Konflikt zwischen Iran und USA – No-Go-Area für Donald Trump

Cicero

In einem amerikanischen Film von 1997, Wag the Dog, fabrizieren Spin-Doktoren und Hollywood-Produzenten einem Krieg in einem entlegenen Land – Albanien – um davon abzulenken, dass dem US-Präsidenten wegen einer Affäre ein Impeachment-Verfahren droht. Der echte Präsident war damals Bill Clinton. Wenig später sollte Clinton tatsächlich einen Luftangriff auf den Irak anordnen, gerade als das Repräsentantenhaus über die Amtsenthebung abstimmte. Diese wurde letztlich bekanntermaßen abgewendet. Die amerikanischen Kriege im Nahen Osten aber gingen weiter.
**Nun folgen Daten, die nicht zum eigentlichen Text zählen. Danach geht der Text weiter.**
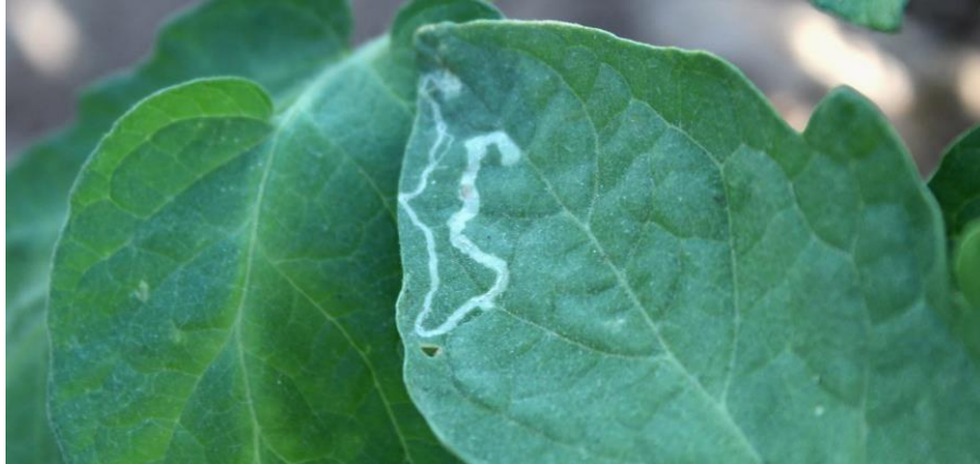
Figure 4. Leaf Miner Damage in tomato plants in Sakon Nakhon. January 16, 2019

Kein Wunder, dass direkt nach dem Drohnenangriff auf den iranischen General und Geheimdienstchef Qasem Soleimani eine heftige Debatte in den USA losbrach: Macht Trump das nur, um von den unschönen Impeachment-Schlagzeilen um seine Rolle in der Ukraine abzulenken? Weil ihm vorgeworfen wird, er habe die US-Militärhilfe mit seinem Wahlkampf verknüpft? Oder, schlimmer noch, nahm Trump etwa gar Rache für einen Tweet von Soleimani, der ihn als „Spieler“ und „Nachtclubbesitzer“ verspottete?